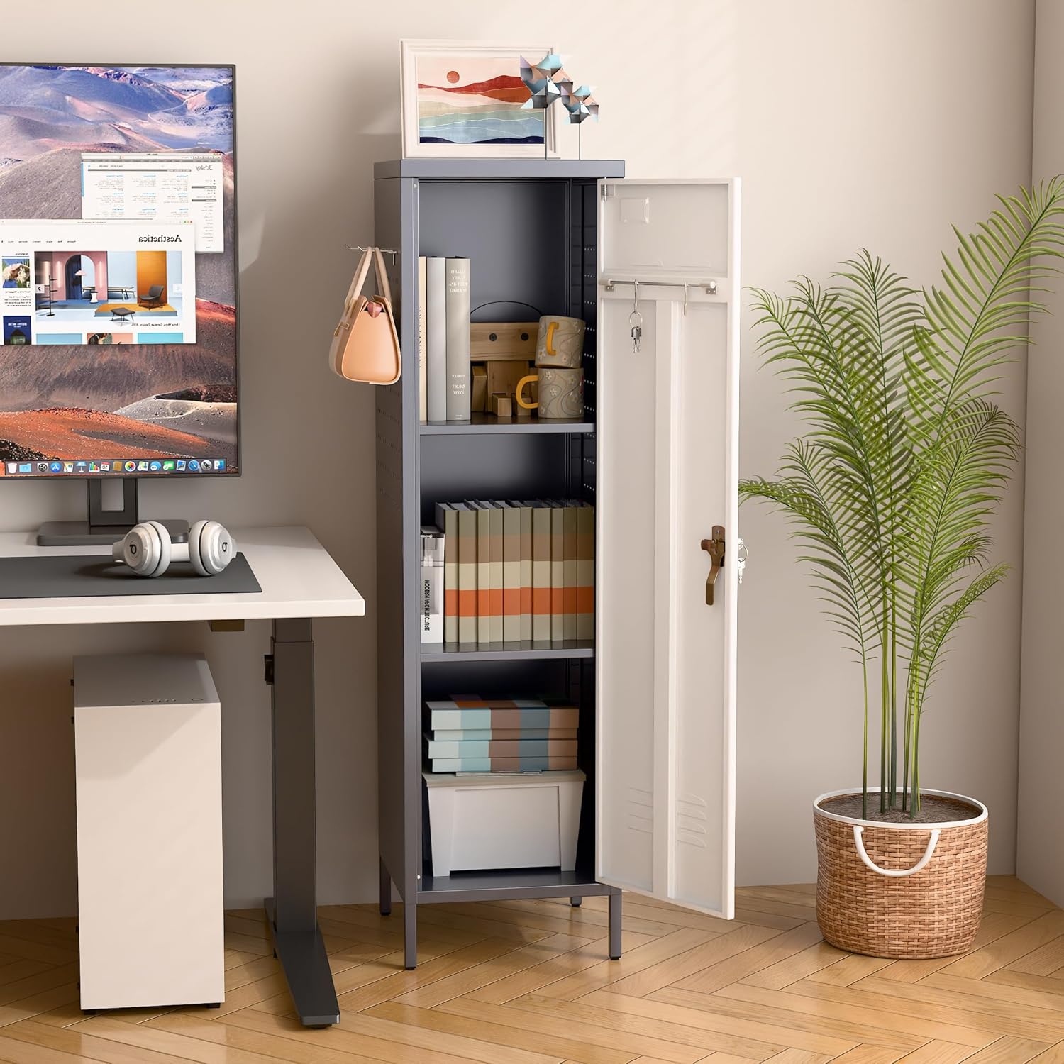 METAN Metal Storage Lockers with Handle Lock and 2 Adjustable Shelves,Office Storage Locker with Pegboards and Hooks,Assembly Required,Grey White
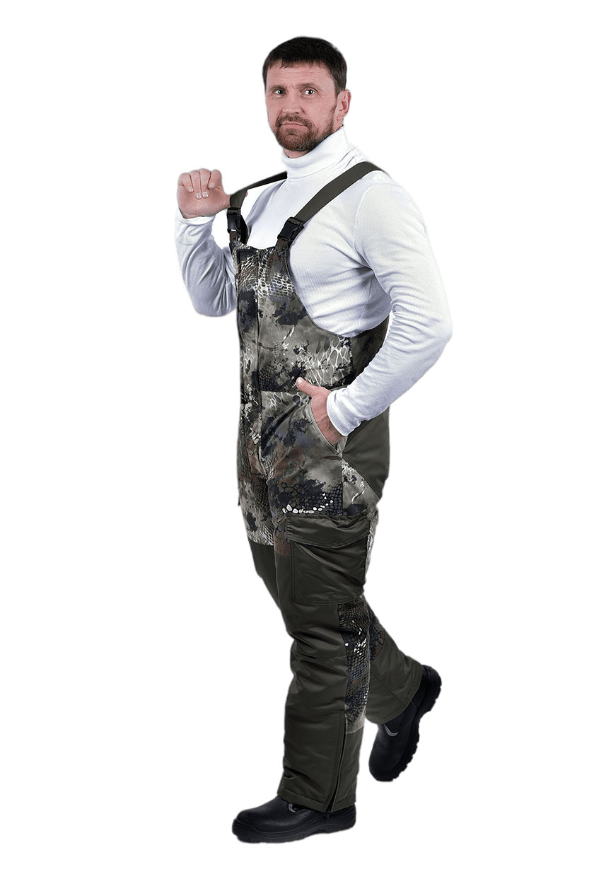 ➠ Комбинезон: высокий пояс со съемной спинкой, на бретелях. Застежка гульфика на молнию, на поясе — пуговицы. На передней части брюк карманы с отрезным бочком, по боковыми швам в области колена накладные карманы с фигурным клапаном на липучке. Наколенники переходящие в манжеты на резинке, по линии колена кулиса. По низу брюк внутренние манжеты на резинке, со штрипками.
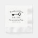 Coined cocktail napkins for housewarming party celebration. Elegant black and white typography design with old vintage skeleton key. Great for celebrations with friends, family, buyers, sellers etc. Add your own personalised text to celebrate your new home. Perfect for gathering, BBQ or dinner at the property or house. Also handy for real estate and open house events. Custom colour disposable party supplies.
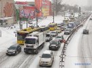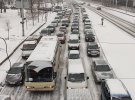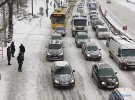Столицю зранку, 8 лютого, скували затори й ускладнення руху через складні погодні умови.
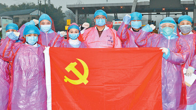 2月5日,在湖南益陽(yáng)市高速公路鄧石橋出口,參與對(duì)乘車人進(jìn)行體溫監(jiān)測(cè)的康雅醫(yī)院黨員重溫入黨誓詞。為發(fā)揮黨員的模范帶頭作用,益陽(yáng)各交通要道路口、車站卡口工作人員成立了臨時(shí)黨支部,設(shè)立了黨員示范崗。
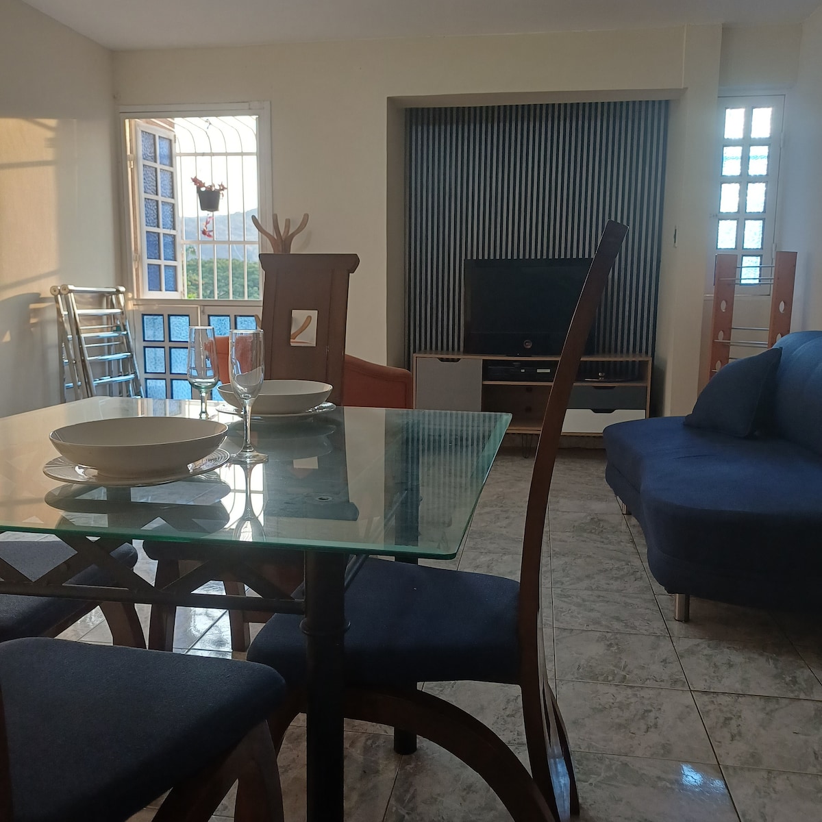 Ontspan met het hele gezin in deze rustige plek, gelegen ten noorden van Maracay parallel aan de Urb Andres Bello, de geneugten, met alles wat je wilt om te rusten en een paar dagen in de stad door te brengen, comfortabel, rustig, dicht bij alle restaurants en vrijetijdsactiviteiten van onze stad, met alle voorzieningen die je wilt 2 kamers, 2 volledige badkamers, 1 queensize bed, 2 eenpersoonsbedden, water, gasfornuis, waterkoker, wasmachine droger, wifi, tv met Simple TV. Geen elektriciteit
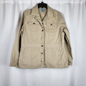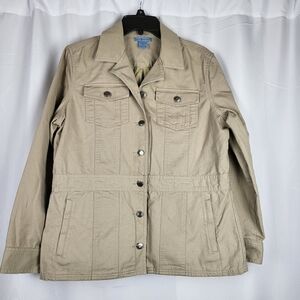 Duluth Trading Co. Women's button down Khaki Jacket Size M 100% Cotton
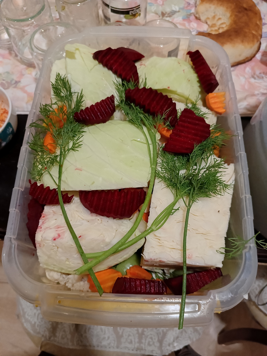 Этому замечательному рецепту соленостей меня научила свекровь, она армянка. Как только в Ереване начинает холодать, она ставит целую бочку таких разносолов на балконе ,и кушают их потом потихоньку всю зиму. Итак, приступим. Я укладываю всё это дело или в большие контейнеры, или в эмалированное ведро. Берем цветную капусту, можно сразу несколько качанов, разделяем на соцветия. Дальше в ход идёт обычная белокочанная капуста, режем её крупными дольками. Затем берем огурчики, отрезаем у них кончики с двух сторон. Надеюсь не нужно говорить, что все овощи конечно помыты😅. Далее зелёные помидоры, у них делаем надрезы крест накрест, чтобы они лучше впитали рассол и быстрее просолились. В качестве приправ я беру лавровый лист, листовой сельдерей (он даёт основной аромат), чеснок(чем больше, тем лучше), листья хрена, зонтики укропа, перец горошек(у меня разноцветный), можно добавить семя кориандра, морковку режем красиво фигурным ножом, в одну порцию я ещё добавила свёклу, тогда солёности прио
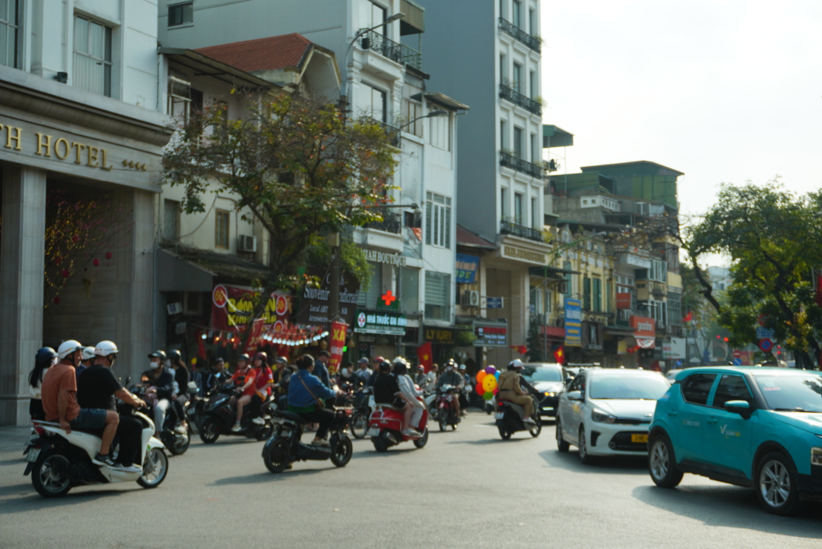 河内像我老家县城,城内多摩托车,摩的比出租车网约车多,交通混乱,红绿灯经常形同虚设。我很喜欢这种混乱感,和本地人、游客一起乱闯红灯,闯完和朋友说生死由我掌控。
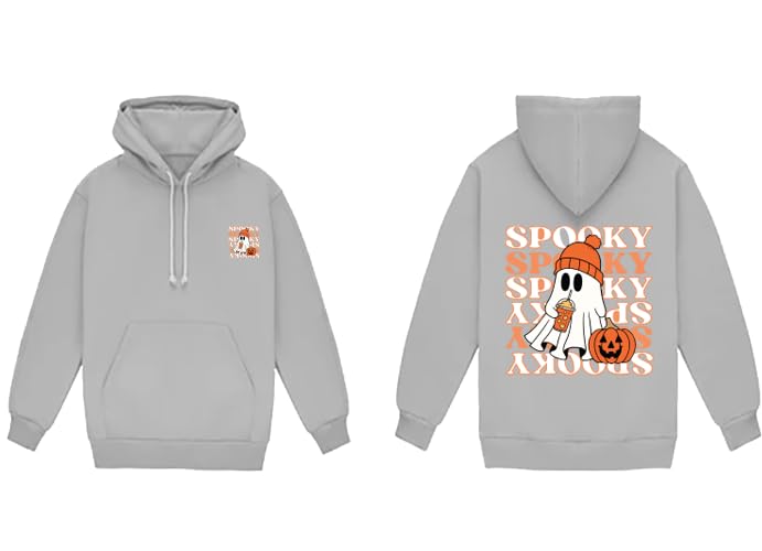 Generic - Halloween Ghost Spooky Print Pullover Hoodie, Grey, Front Pocket Design(2XL)
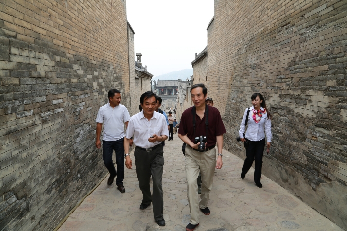 中国作协副主席廖奔与作家刘兆林等走在王家大院的小巷中

──────────

Action item: Please, without any pictures, write out exactly the lines of the listing from its first line through the line that holds "Duluth Trading Co.", ends included, and nothing beyond them.

Solution for this problem:
 METAN Metal Storage Lockers with Handle Lock and 2 Adjustable Shelves,Office Storage Locker with Pegboards and Hooks,Assembly Required,Grey White
 ➠ Комбинезон: высокий пояс со съемной спинкой, на бретелях. Застежка гульфика на молнию, на поясе — пуговицы. На передней части брюк карманы с отрезным бочком, по боковыми швам в области колена накладные карманы с фигурным клапаном на липучке. Наколенники переходящие в манжеты на резинке, по линии колена кулиса. По низу брюк внутренние манжеты на резинке, со штрипками.
 Coined cocktail napkins for housewarming party celebration. Elegant black and white typography design with old vintage skeleton key. Great for celebrations with friends, family, buyers, sellers etc. Add your own personalised text to celebrate your new home. Perfect for gathering, BBQ or dinner at the property or house. Also handy for real estate and open house events. Custom colour disposable party supplies.
Столицю зранку, 8 лютого, скували затори й ускладнення руху через складні погодні умови.
 2月5日,在湖南益陽(yáng)市高速公路鄧石橋出口,參與對(duì)乘車人進(jìn)行體溫監(jiān)測(cè)的康雅醫(yī)院黨員重溫入黨誓詞。為發(fā)揮黨員的模范帶頭作用,益陽(yáng)各交通要道路口、車站卡口工作人員成立了臨時(shí)黨支部,設(shè)立了黨員示范崗。
 Ontspan met het hele gezin in deze rustige plek, gelegen ten noorden van Maracay parallel aan de Urb Andres Bello, de geneugten, met alles wat je wilt om te rusten en een paar dagen in de stad door te brengen, comfortabel, rustig, dicht bij alle restaurants en vrijetijdsactiviteiten van onze stad, met alle voorzieningen die je wilt 2 kamers, 2 volledige badkamers, 1 queensize bed, 2 eenpersoonsbedden, water, gasfornuis, waterkoker, wasmachine droger, wifi, tv met Simple TV. Geen elektriciteit
 Duluth Trading Co. Women's button down Khaki Jacket Size M 100% Cotton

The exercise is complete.